Even at this season that should be about spiritual re-awakening, it is hard to deny that we live in an increasingly post-religious civilization. Virtually everywhere in the high-income world, faith, particularly tied close to institutionalized religion, has been dropping for a decade, and the trend is accelerating with each new generation. Even once bright religious celebrations like Christmas have not only become less spiritual, even here in America, but seems to be inexorably returning to its original pagan roots as essentially a winter solstice holiday.

A simple look at the statistics collected by Pew tells the story. The Christian population in Europe is already shrinking. Between 2015 and 2060, Pew estimates the share of North American and European Christians will drop from 36 percent to barely 23 percent. Indeed in 24 of 42 traditionally Christian countries, many of them in Europe, deaths among Christians already exceeds births. Only in Africa, do Christian births seem likely to continue outnumber births.

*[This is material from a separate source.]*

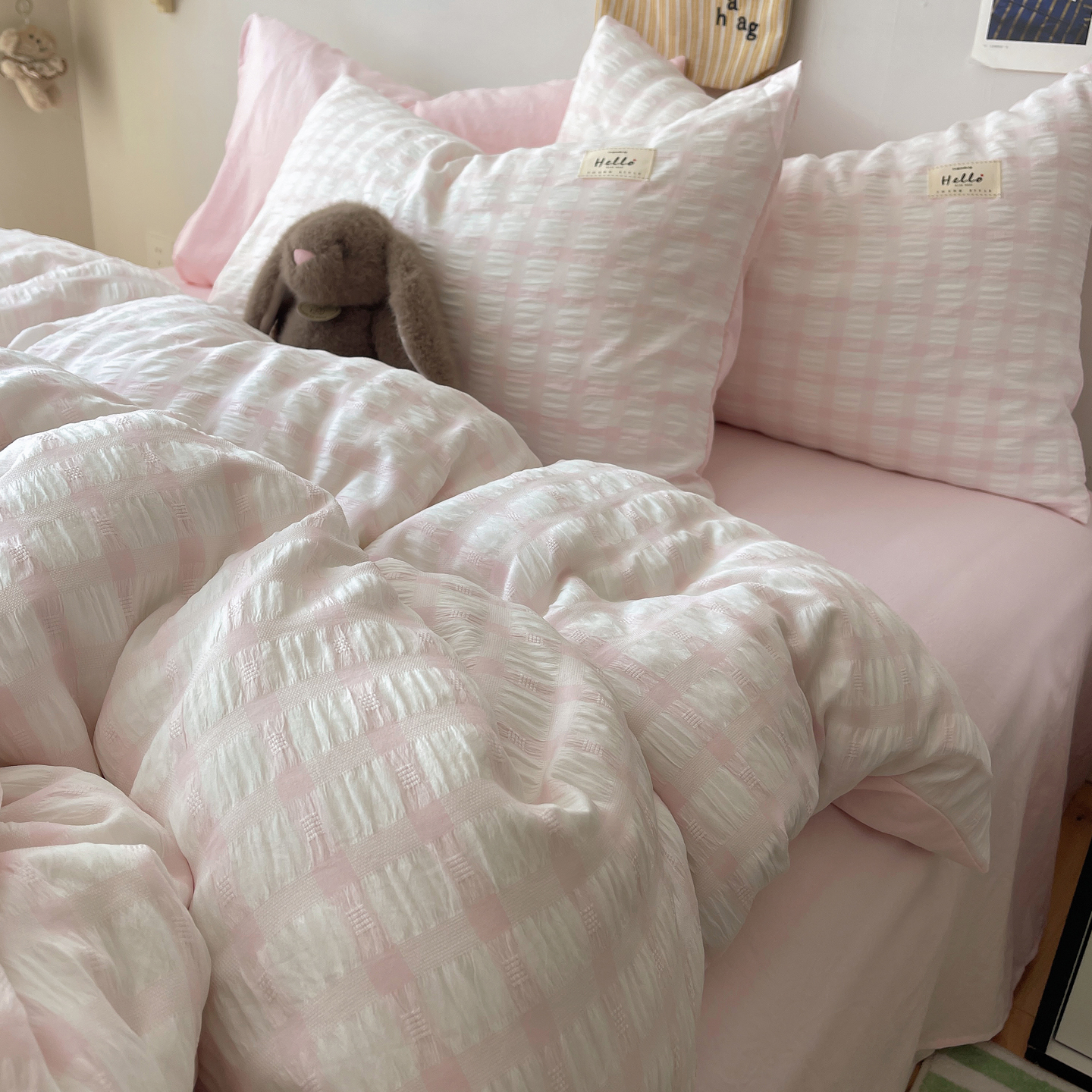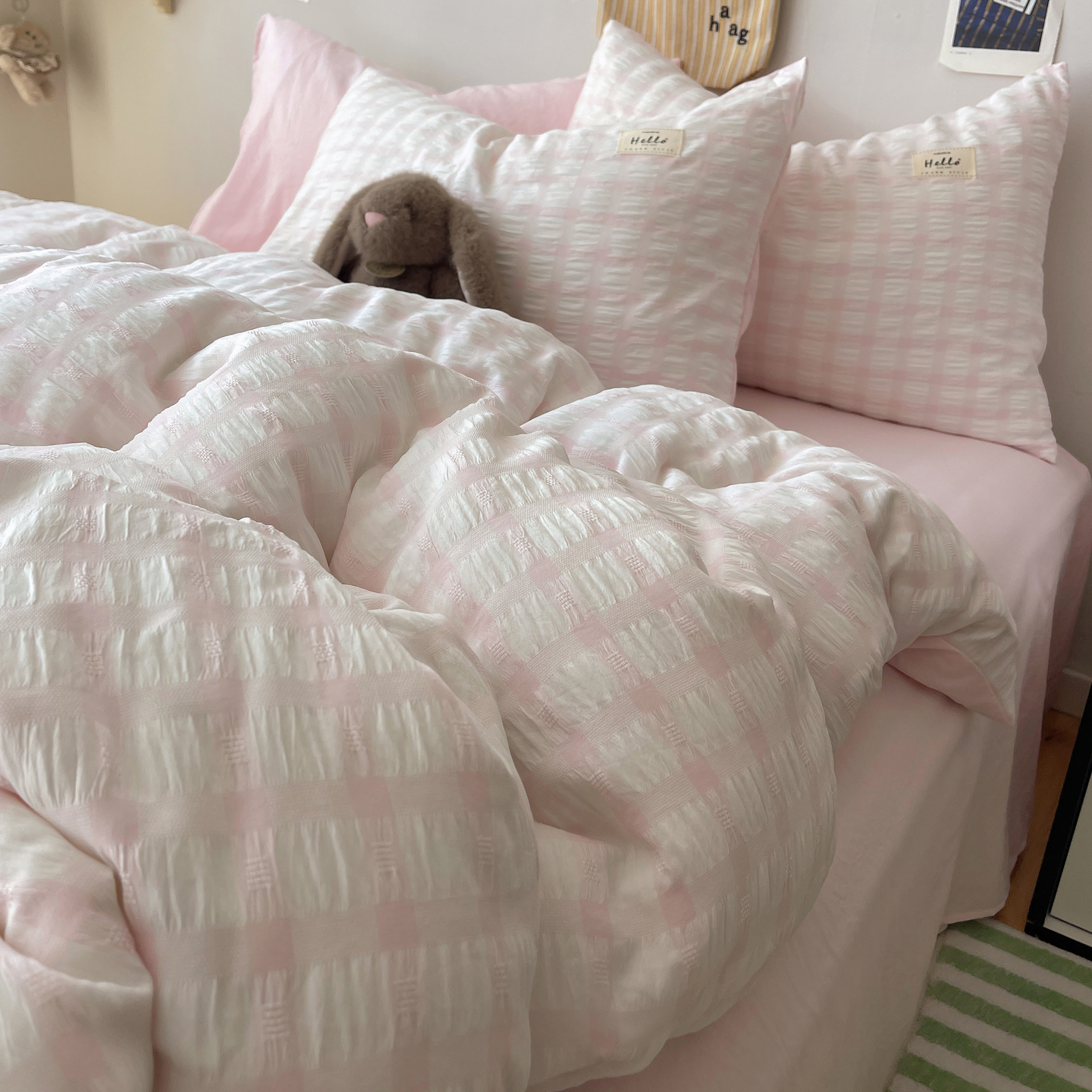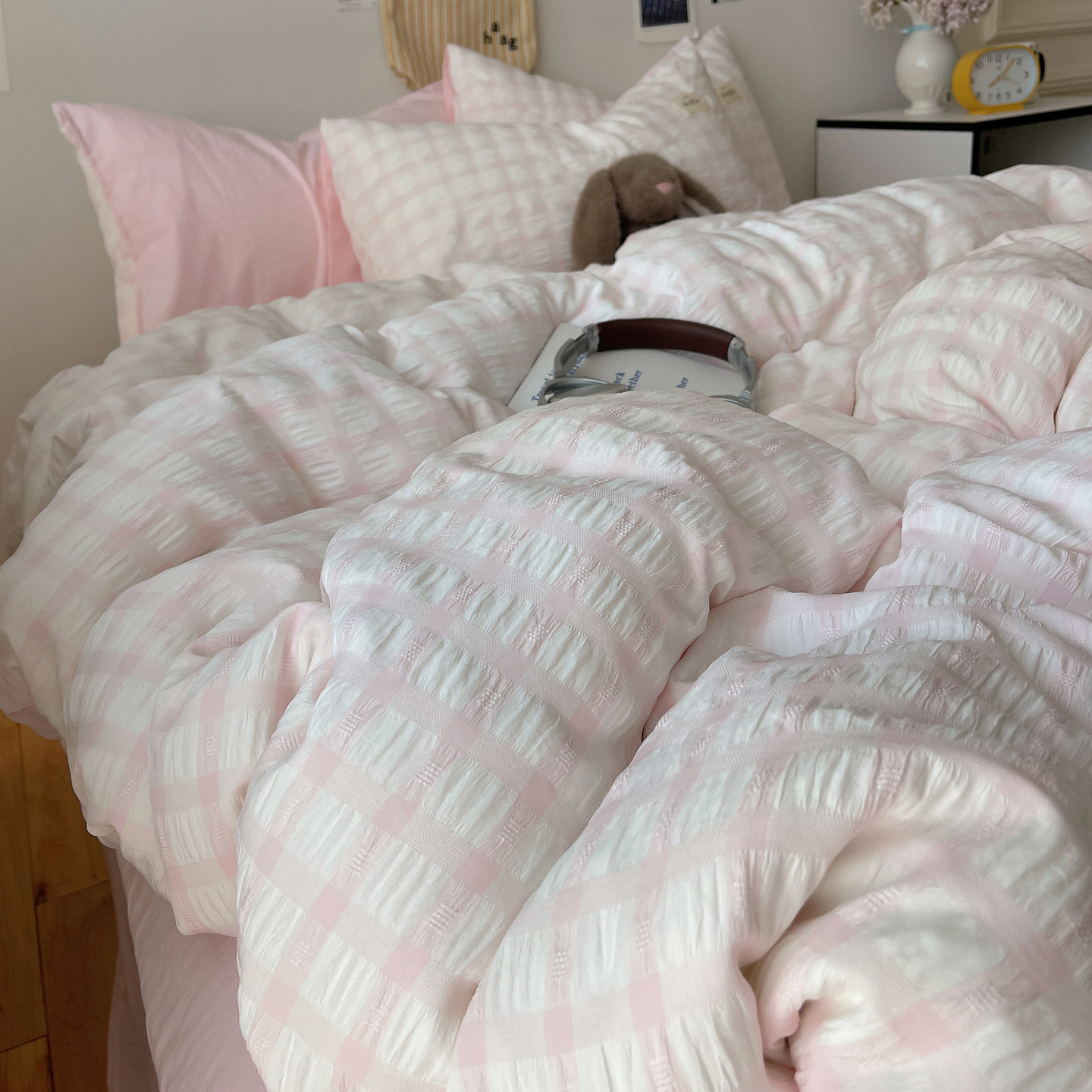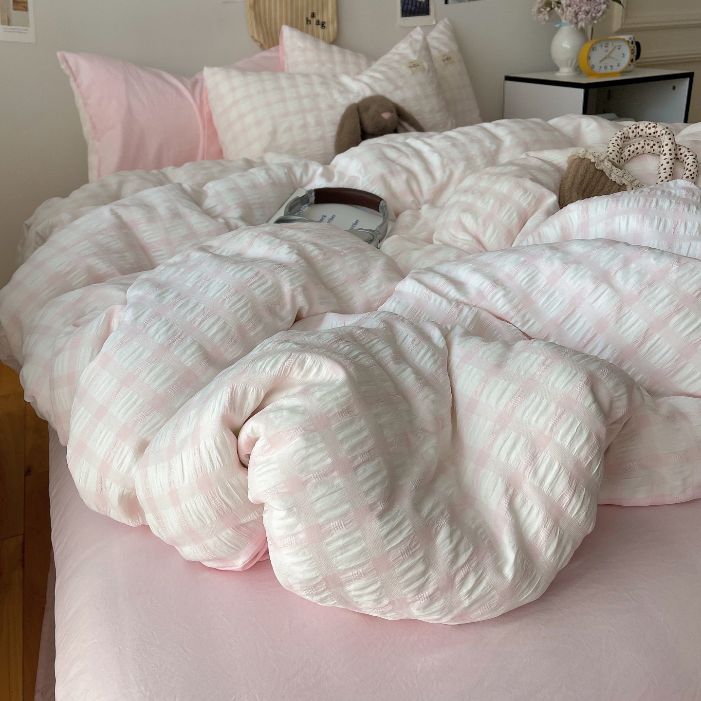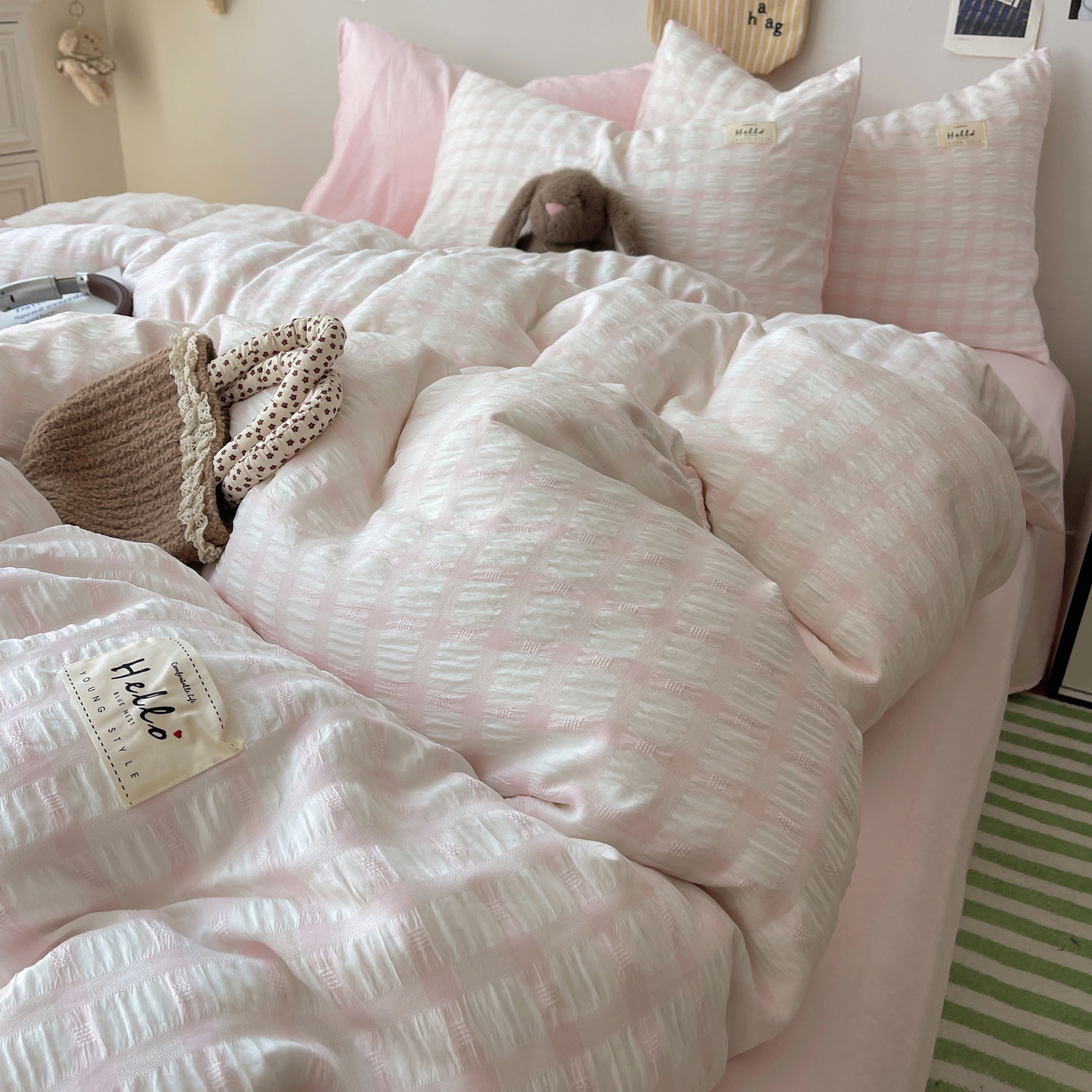 当前位置: 91家纺网 > 商品网购 > 床品套件 > 四件套 > 双层纱四件套 > 顾里2025新款韩系格子阳离子泡泡纱四件套-第二组 少女粉格

Here in the U.S., once considered the last wealthy bastion for religion, church affiliation has been declining with each new generation; only 38 percent of younger millennials who consider faith “important in their lives,” notes Pew, compared to nearly 60 percent of boomers. Nearly half of young people predict that by 2050 the largest religious grouping will be those who are unaffiliated.

Read the entire piece at The Orange County Register.

Joel Kotkin is executive editor of NewGeography.com. He is the Roger Hobbs Distinguished Fellow in Urban Studies at Chapman University and executive director of the Houston-based Center for Opportunity Urbanism. His newest book is The Human City: Urbanism for the rest of us. He is also author of The New Class ConflictThe City: A Global History, and The Next Hundred Million: America in 2050. He lives in Orange County, CA.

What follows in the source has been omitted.